_Problem description_: Below are the entries; give again exactly the lines from the one mentioning "这个公式的意思可以概括为:用" through the one mentioning "推动全面从严治党主体责任落地落实汇报材料", inclusive.

_Working data_:
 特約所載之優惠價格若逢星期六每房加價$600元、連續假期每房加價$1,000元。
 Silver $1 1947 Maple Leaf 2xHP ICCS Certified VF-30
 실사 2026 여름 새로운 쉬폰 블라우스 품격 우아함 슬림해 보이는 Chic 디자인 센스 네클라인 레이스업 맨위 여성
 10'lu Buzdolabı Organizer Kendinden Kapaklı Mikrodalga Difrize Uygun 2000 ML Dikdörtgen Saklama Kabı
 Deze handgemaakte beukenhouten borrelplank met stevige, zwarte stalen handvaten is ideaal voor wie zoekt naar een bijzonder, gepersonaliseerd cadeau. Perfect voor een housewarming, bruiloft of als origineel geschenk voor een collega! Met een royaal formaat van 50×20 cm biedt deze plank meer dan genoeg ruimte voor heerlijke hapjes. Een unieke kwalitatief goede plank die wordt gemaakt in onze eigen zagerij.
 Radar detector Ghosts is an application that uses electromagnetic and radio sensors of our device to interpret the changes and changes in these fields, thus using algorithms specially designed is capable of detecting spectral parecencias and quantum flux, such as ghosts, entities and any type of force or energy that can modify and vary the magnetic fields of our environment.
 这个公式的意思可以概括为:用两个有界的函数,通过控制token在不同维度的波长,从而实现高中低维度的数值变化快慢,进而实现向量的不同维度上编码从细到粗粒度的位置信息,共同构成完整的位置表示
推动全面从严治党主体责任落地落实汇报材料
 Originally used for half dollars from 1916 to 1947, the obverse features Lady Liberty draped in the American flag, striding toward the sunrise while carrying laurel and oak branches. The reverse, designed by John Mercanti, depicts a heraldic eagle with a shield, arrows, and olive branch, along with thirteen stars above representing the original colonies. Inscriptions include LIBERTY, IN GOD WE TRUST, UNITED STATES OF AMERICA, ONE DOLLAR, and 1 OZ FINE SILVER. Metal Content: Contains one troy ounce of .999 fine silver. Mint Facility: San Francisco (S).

_Response_:
 这个公式的意思可以概括为:用两个有界的函数,通过控制token在不同维度的波长,从而实现高中低维度的数值变化快慢,进而实现向量的不同维度上编码从细到粗粒度的位置信息,共同构成完整的位置表示
推动全面从严治党主体责任落地落实汇报材料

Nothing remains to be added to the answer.